▸ **DATA BLOCK**
┌──
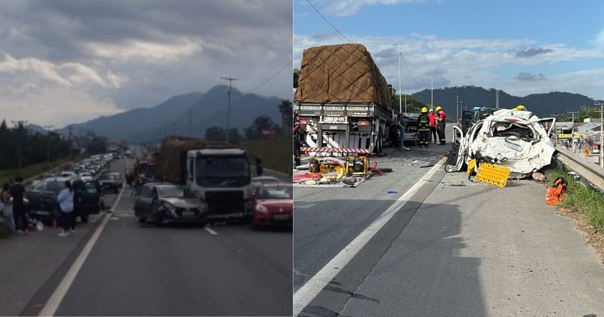 Um engavetamento envolvendo sete carros e um caminhão carregado com frutas foi registrado na tarde deste domingo (16) na BR-470, nas proximidades do viaduto de acesso ao Bairro Carijós, em Indaial. O acidente mobilizou equipes de socorro e deixou o trânsito completamente bloqueado na via principal.
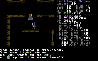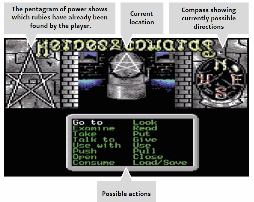 This is a Joystick driven menu system where the user must recover all 5 rubies of power, retiring them to the pentagram of power, this will break the curse of Morlon and return the town folk. You select the verbs and nouns from a provided list, you also use the joystick to move to different locations, each location gives information of the areas you can move into and your status in the game.
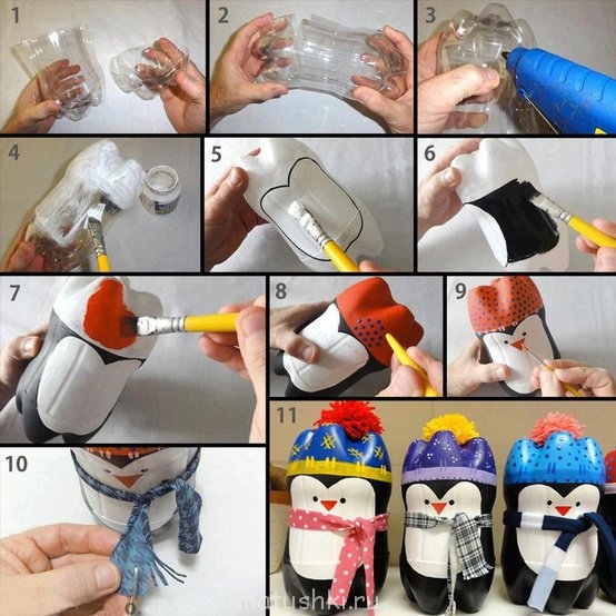 Забавные пингвины из пластиковых бутылок, которыми можно украсить уличную ёлку
└──
▸ **WHAT IS EXPECTED**
Only exact copies are wanted here. Write out the lines from the one containing "This is a Joystick" through the end of the material and no others, omitting all pictures.

▸ **SOLUTION**
 This is a Joystick driven menu system where the user must recover all 5 rubies of power, retiring them to the pentagram of power, this will break the curse of Morlon and return the town folk. You select the verbs and nouns from a provided list, you also use the joystick to move to different locations, each location gives information of the areas you can move into and your status in the game.
 Забавные пингвины из пластиковых бутылок, которыми можно украсить уличную ёлку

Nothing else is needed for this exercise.